Falling for you again as the waves crash over.
Disappearing in such wonder and the perfumed smoke of you.
Coughing up clouds of devotion, and descending like the setting sun.

A Heart murmur

A heartbeat static and stick.
Grease the wheels and grease them quick.
Touched and run, in the citrus sun.
Fingers all high fives, thumbs like guns.
The void is waiting, a sickly breath.
Cold on clinical, the smell of death.
A rumble, stumble, fumble please.
Shake and slither on your knees.
Electioneering, ECG.
Hold your breath.
Drink your coffee.

Lune à l’esprit

These moments, like pearls on silver lips.
Gently spun and mouthed in wonder.
Consumed by the burning fire of solar saturation.
A golden treasure that I can sit beneath.
Counting coins and constellations.
Never equalling my love for you.
We are but pieces of a shattered moon.
That fell to earth when the world was sleeping.
They never knew how I kissed you, pioneered your love.
Discoverer.

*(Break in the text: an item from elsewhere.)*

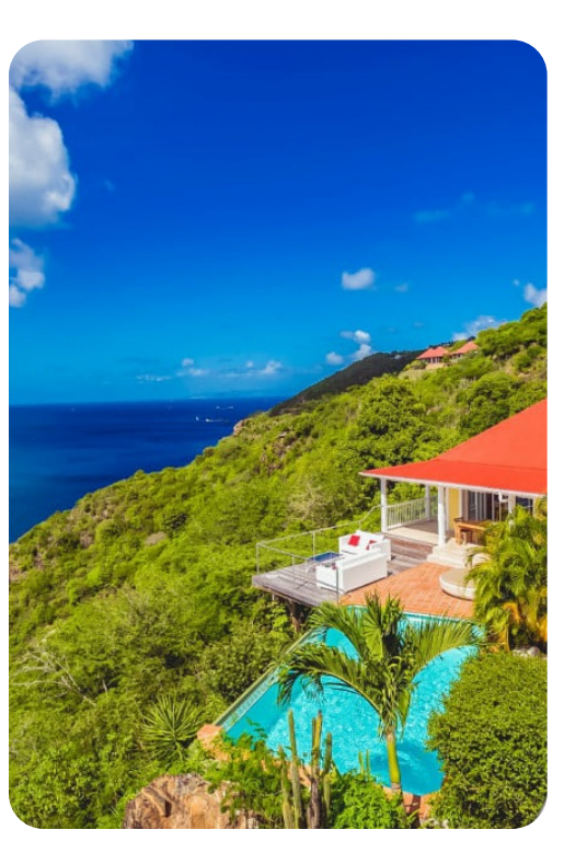
Villa L'Enclos | Page 5 of 7

Sweet foreign terrain.
Unknown to them in the quietness above.
We are blank space and white noise in their muddled worlds.
Silent, like the dawn.
Tiptoe with me now, to the edge of the unknown.
These transparent moments.
Into the corner of god’s pocket.
Un-stitching fabric and time, eager to breathe the space of the infinite.
And air that sets my soul alight.
Burning the past and dancing on the surface.
Of a moon that those below can only howl at.